| name | review-skill |
| description | Reviews and automatically fixes Claude Code skills against official Anthropic best practices. Use when checking skill quality, refactoring bloated skills, improving discoverability, or contributing to open-source skills. Supports review, auto-fix, external review, and PR modes. |
| license | MIT |
| argument-hint | [skill-path] [mode] |
Review Skill
Target Skill
The target skill to review is: $ARGUMENTS
If $ARGUMENTS is empty, ask the user which skill to review.
Pre-Flight Check
Before starting any mode, verify the target skill exists:
- Check the target path contains a
SKILL.md file.

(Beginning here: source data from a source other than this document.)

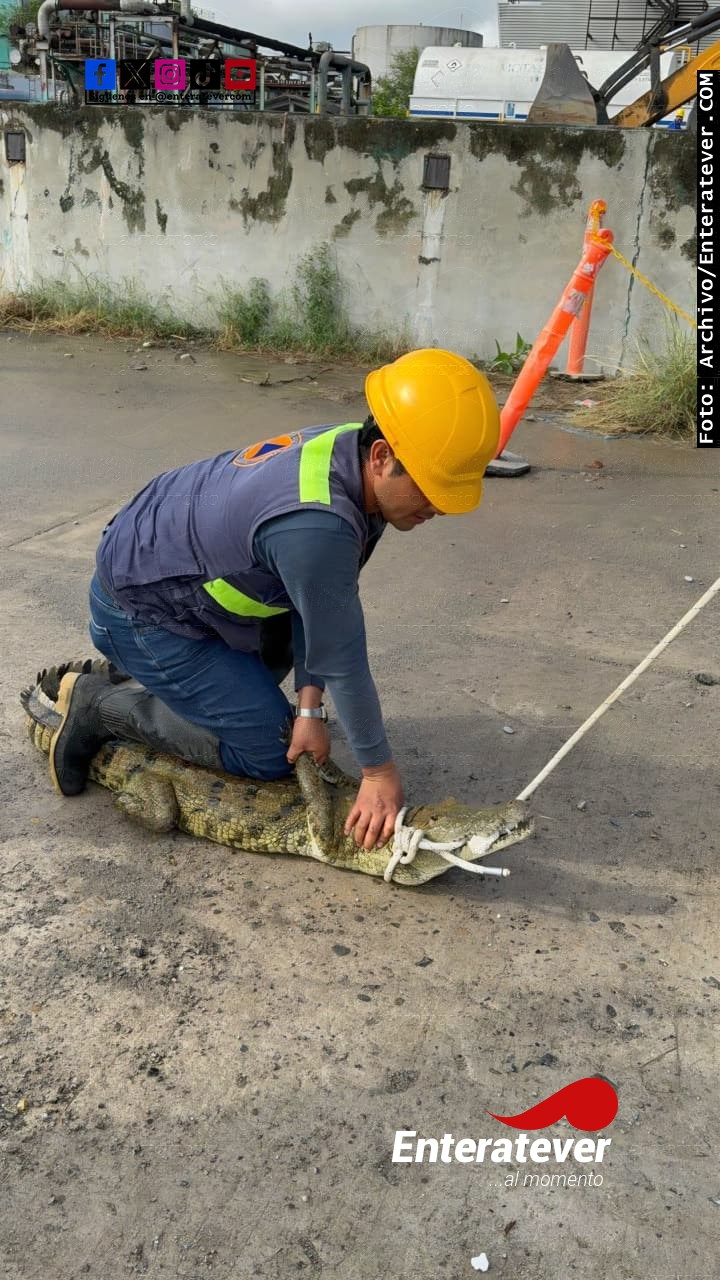 Poza Rica, Ver.- La inesperada presencia de un cocodrilo en calles de la colonia División de Oriente generó momentos de tensión entre habitantes del sector Escolín, quienes solicitaron apoyo de las autoridades al detectar al ejemplar en un área habitada.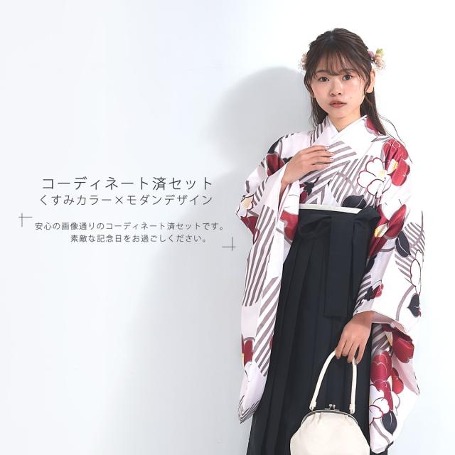 袴 4点セット 卒業式 はかま レディース モダン 4サイズ S M L LL 黒 椿 赤 ピンク 無地 女性 大学生 ジュニア 小学生 女の子 袴 セット着物セット 成人式 謝恩会 購入 販売 幾何学文様 送料無料
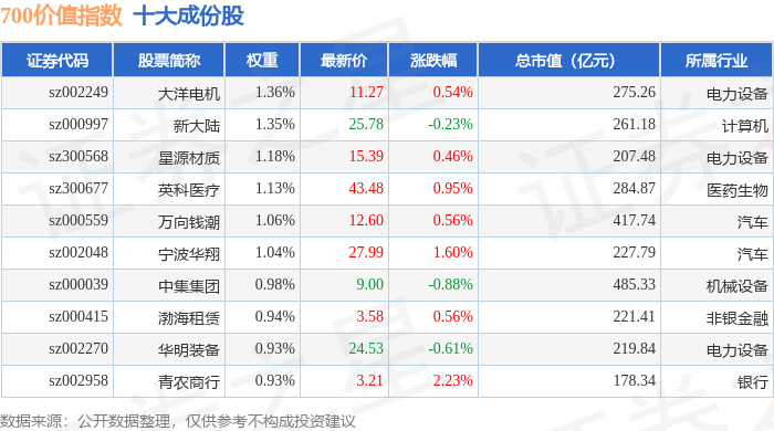 证券之星消息,12月1日,700价值(399629)指数报收于2856.12点,涨0.81%,成交514.28亿元,换手率1.79%。当日该指数成份股中,上涨的有163家,亚太科技以10.06%的涨幅领涨,下跌的有62家,大中矿业以4.35%的跌幅领跌。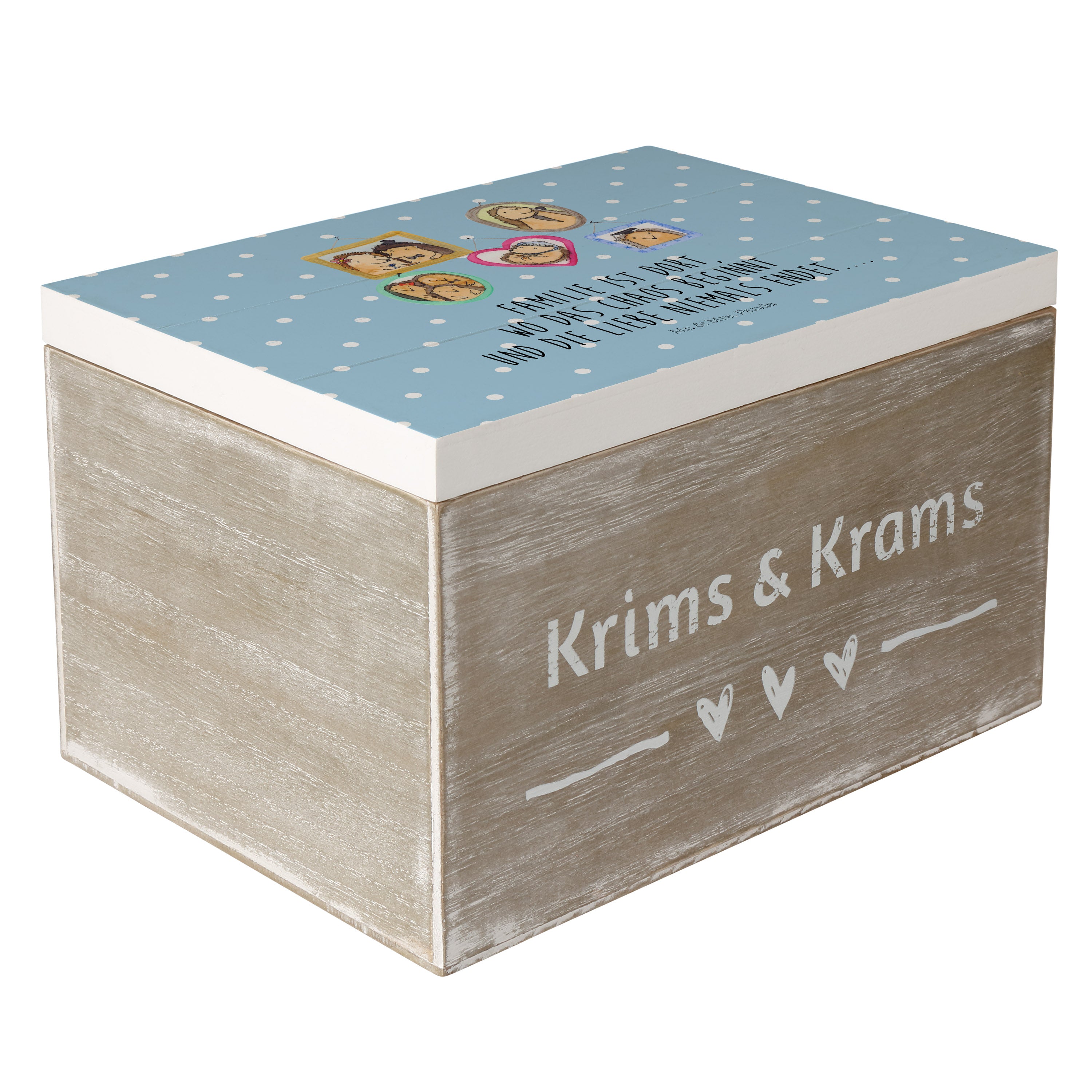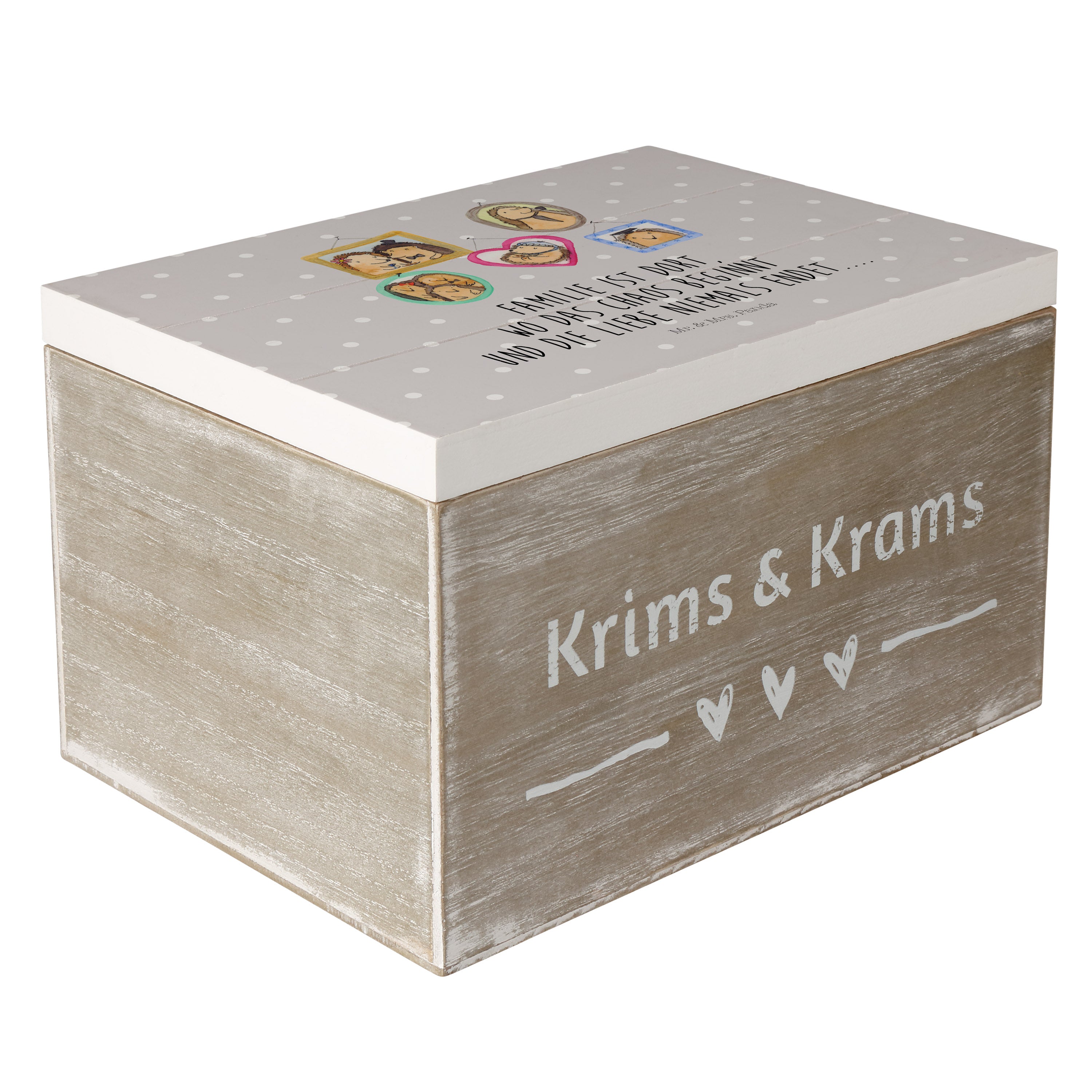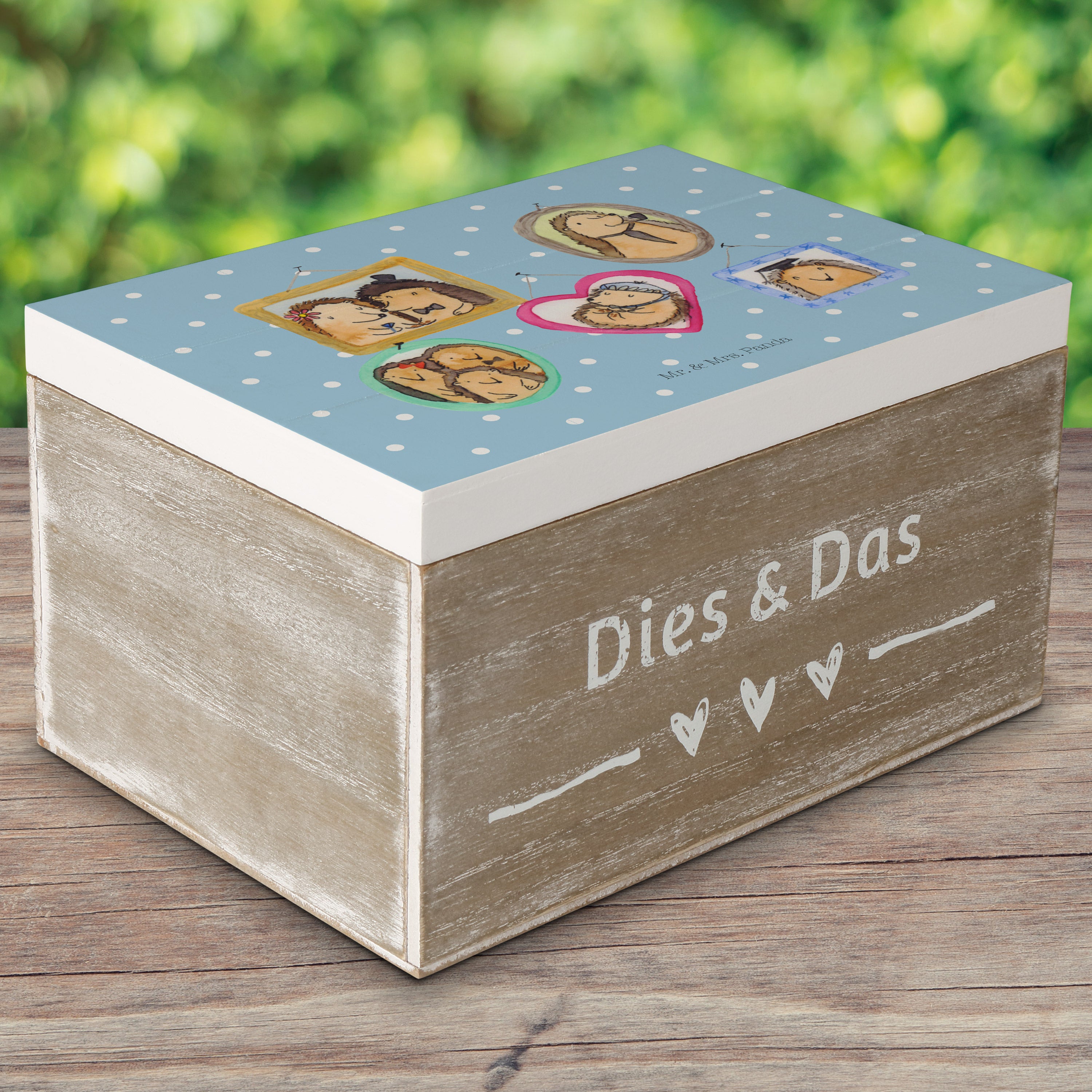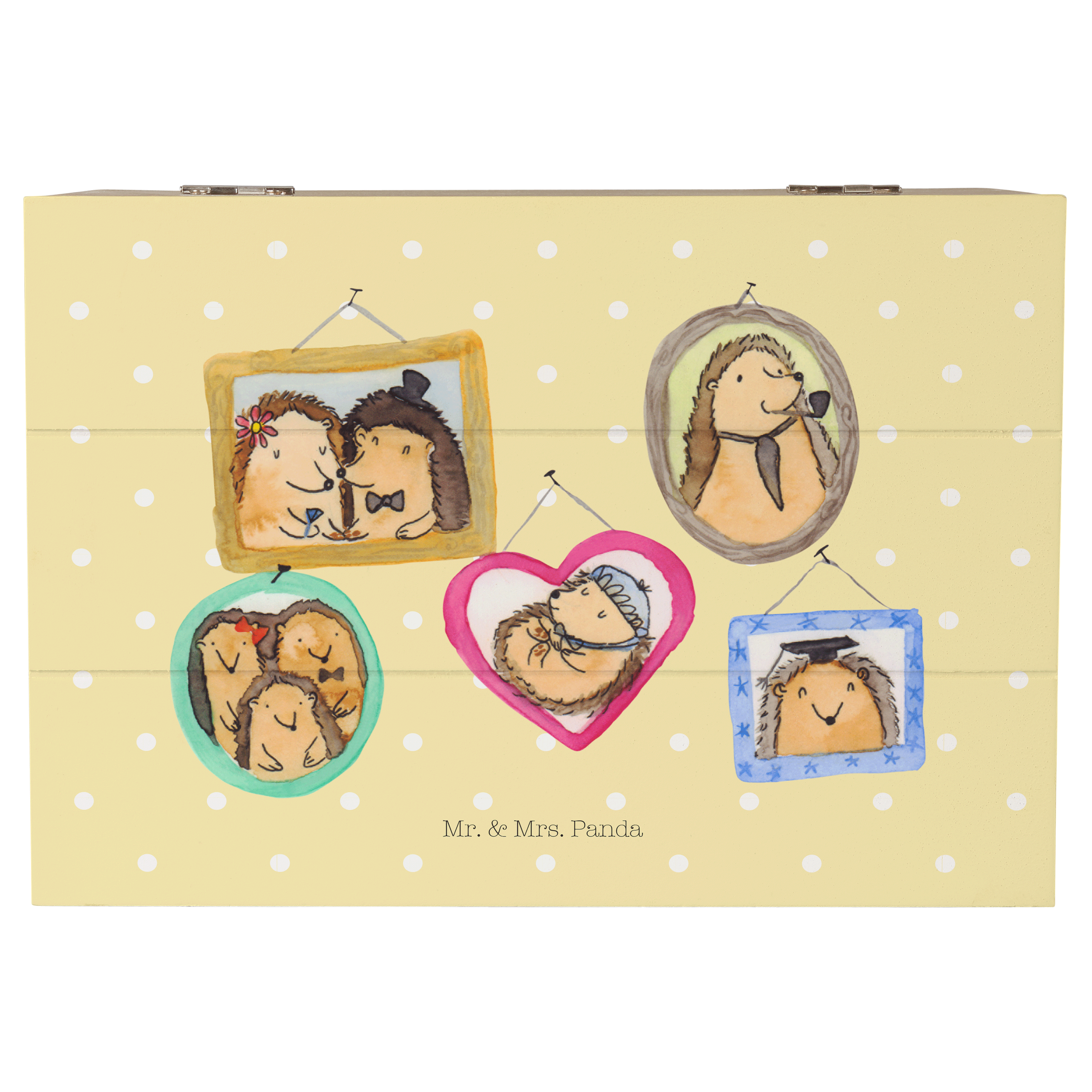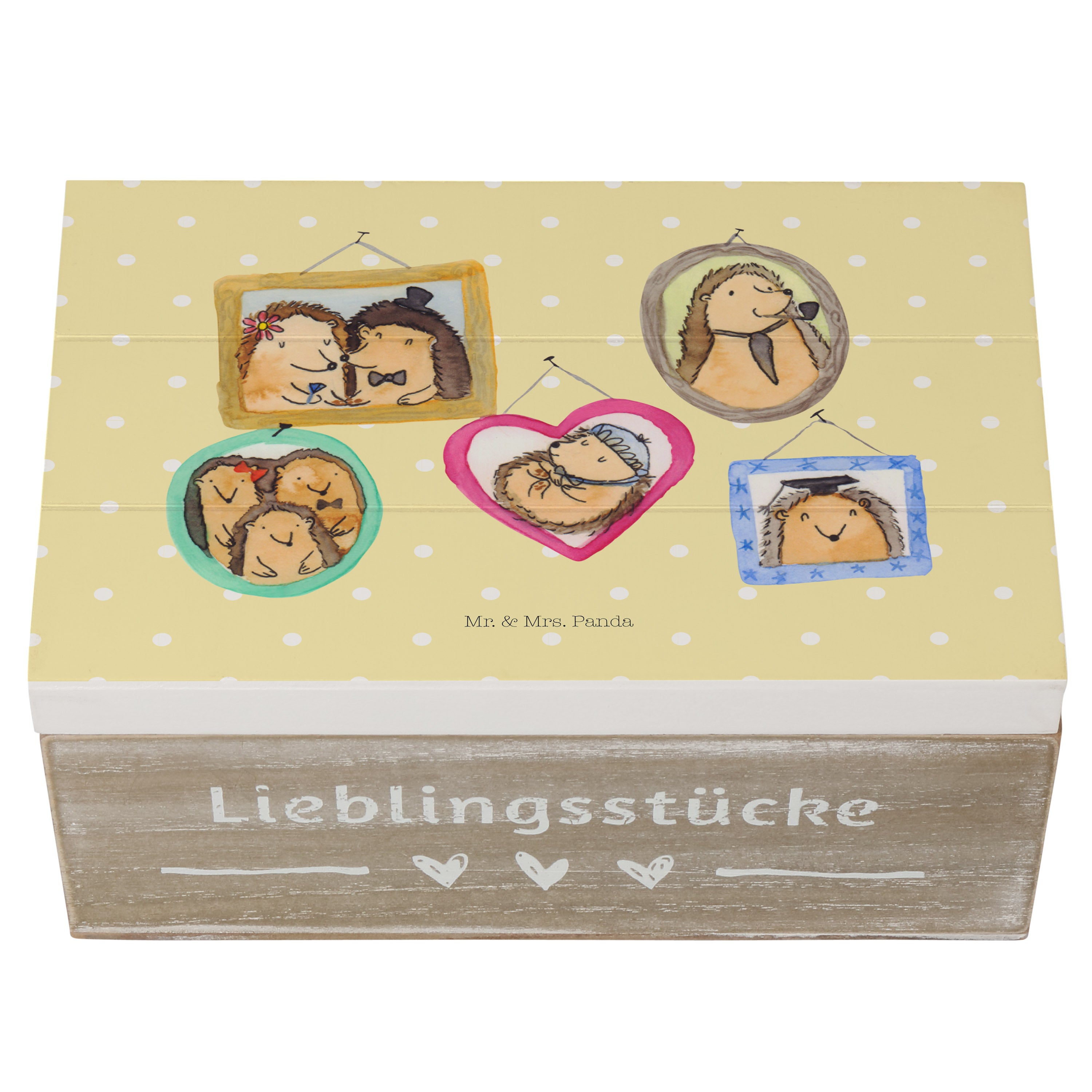 Holzkiste Igel Familie - 25 x 18 cm - mit Spruch - Weiß

If not, report "No SKILL.md found at [path]" and stop.
- List all files in the skill directory and
references/ (if present) to build a complete file inventory.
- Record the initial line count of
SKILL.md with wc -l.
Mode Selection
| Mode | Trigger | Action |
|---|
| Review + Auto-Fix (default) | User says "review", "check", "grade", or gives no mode | Run full deep review, then auto-fix all findings |
| Review Only | User says "report only", "no fix", "read-only" | Run full deep review, report only, no changes |
| Auto-Fix Only | User says "fix", "improve", "refactor", "auto-fix" | Skip report, apply fixes directly |
| External Review | User says "external", target is a GitHub URL | Clone to /tmp/, full deep review, report only (read-only) |
| Auto-PR | User says "PR", "contribute", "auto-pr" | Fork, full deep review, fix, submit PR |
When no mode keyword is present, default to Review + Auto-Fix. The deep review always runs in every mode. Auto-fix always follows the deep review unless the user explicitly requests report-only output.
Setup (Optional)
Install create-skill for automated validation: see references/setup.md
All modes work without it using manual evaluation.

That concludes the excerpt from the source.